**INSTRUCTIONS TO FOLLOW**: Nothing beyond the line containing "7月19日,博山城區(qū)段克服夜間施工難,主線全幅瀝青面層貫通。" is to be printed; print exactly each line from the start of the records below through that line, leaving out pictures.

**DATA FOR ANALYSIS**:
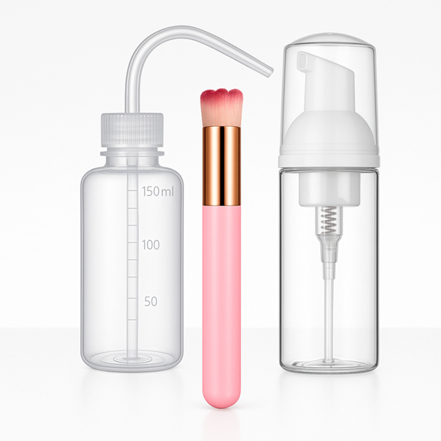 Kit Higienização para Extensão de Cílios – Pump Espumador e Pisseta + Pincel de Limpeza
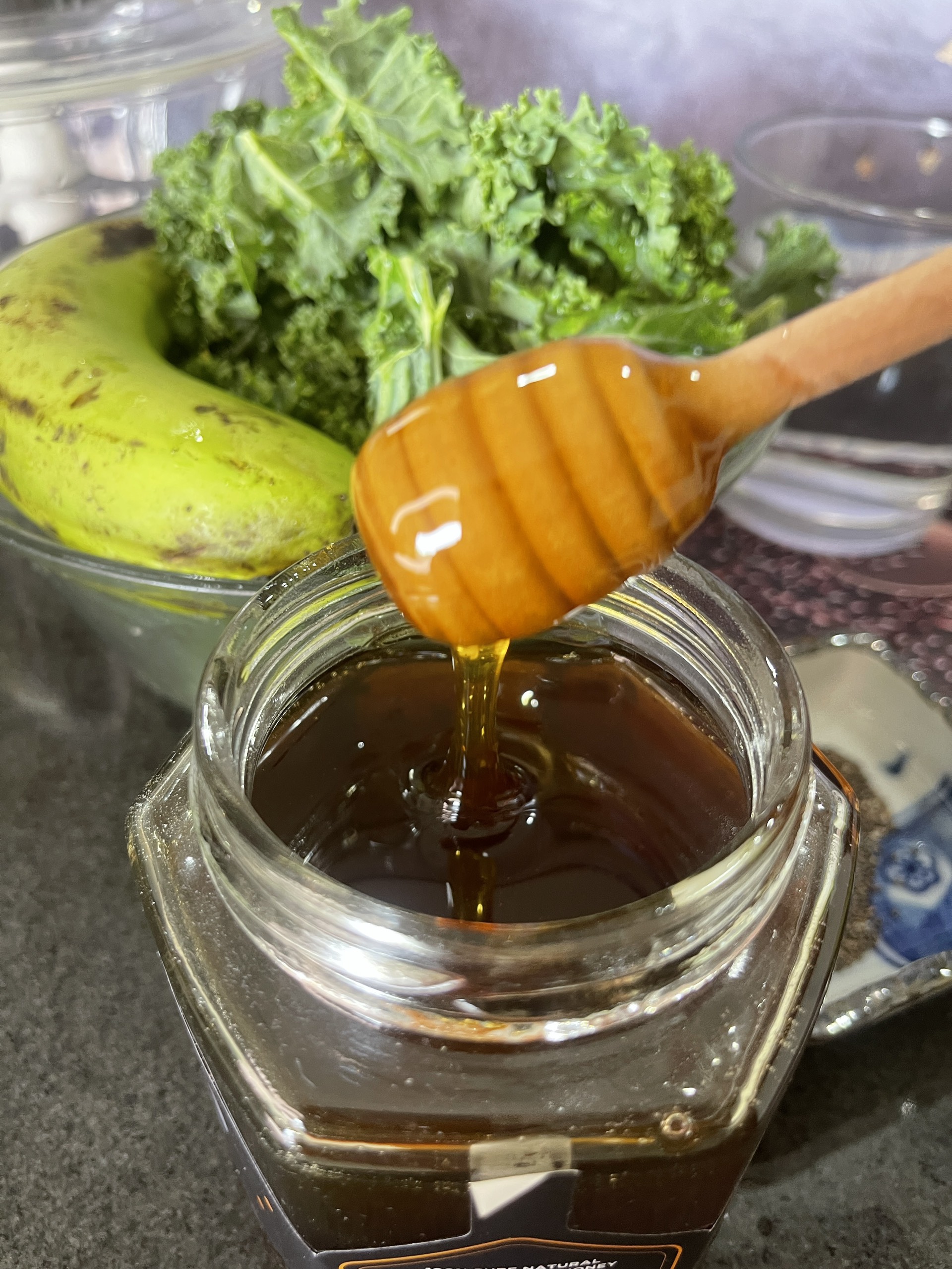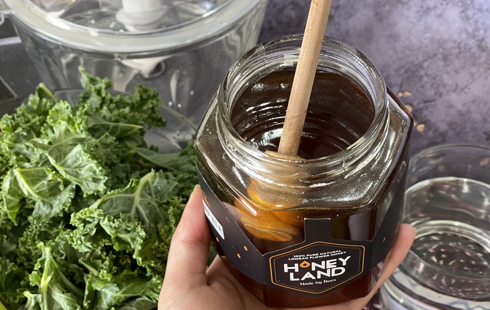 Honeyland khuyến khích sử dụng Mật ong Hoa Nhãn Honeyland để bổ sung thêm dinh dưỡng cho món sinh tố Cải Xoăn Kale Chuối
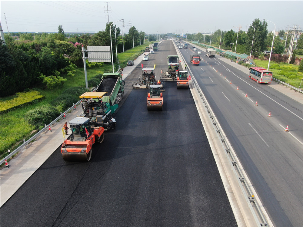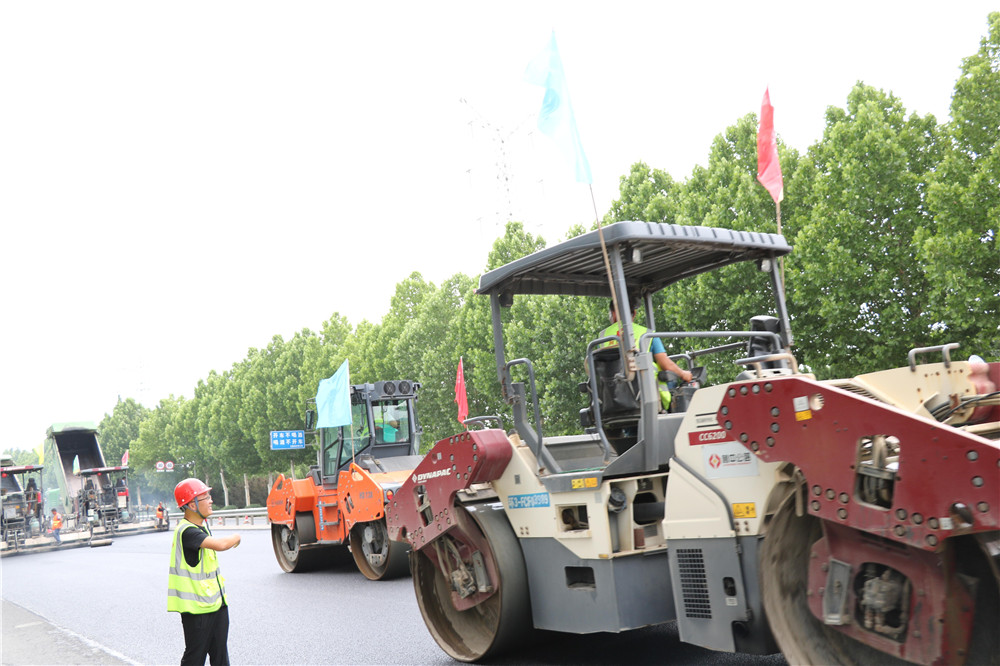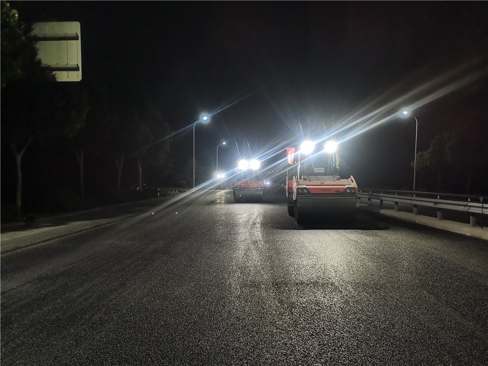 7月19日,博山城區(qū)段克服夜間施工難,主線全幅瀝青面層貫通。
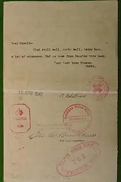 It was initially limited to 10 words per letter but was later changed to 25, which was the standard for prisoners-of-wars. The rules changed over the years; at one point, islanders were not permitted to write to relatives but could write to friends. The number of messages that one could send was limited, and replies had to be on the back of the original message. It might take months for a message to arrive although a few of them took only weeks. All messages were routed via the International Red Cross headquarters in Geneva, Switzerland, which dealt with 24 million messages during the war. The islands dealt with around 1 million messages, each of them costing 6d.[26]
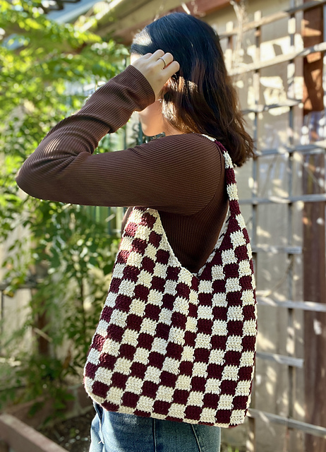 The crochet checkered tote bag is a fall classic. Start this new season off with this functional and fashionable accessory! Although more suitable for intermediate crocheters, beginners can also tackle this project with the help of the [video tutorial][1]. And if you prefer a smaller or larger bag, this pattern lets you know what you need to change!
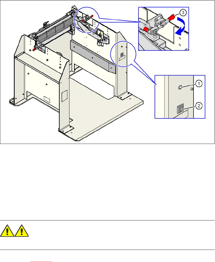 → 部品トロリーが、結合ステーションのベースプレート上に完全に自立していることを確認
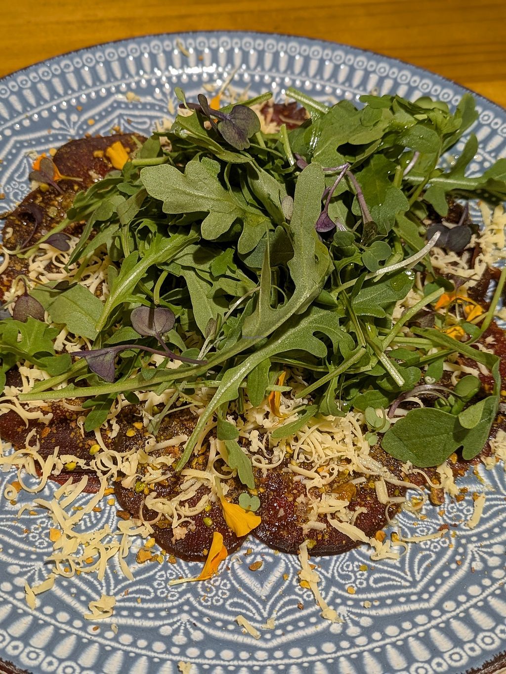 I’ve been here twice and absolutely loved the food, the friendly servers and the atmosphere. They have a couple takes on local food which I really loved, the Nuestra Causa de Limeña y the Pasta Fresca which is very much like the classic Spanish canelones served with mushroom bechamel. And I loved the Panna Cotta! The nachos were great as was the enoki mushrooms although, I wanted a bit more spice and salt! All in all amazing food, service and of course 100% vegan! And, having dogs in the dining room is always a big plus for me.
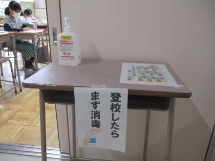 学校では、検温、消毒、マスクの着用など安全管理を徹底して授業を行っています。

**FINISHED TASK**:
 Kit Higienização para Extensão de Cílios – Pump Espumador e Pisseta + Pincel de Limpeza
 Honeyland khuyến khích sử dụng Mật ong Hoa Nhãn Honeyland để bổ sung thêm dinh dưỡng cho món sinh tố Cải Xoăn Kale Chuối
 7月19日,博山城區(qū)段克服夜間施工難,主線全幅瀝青面層貫通。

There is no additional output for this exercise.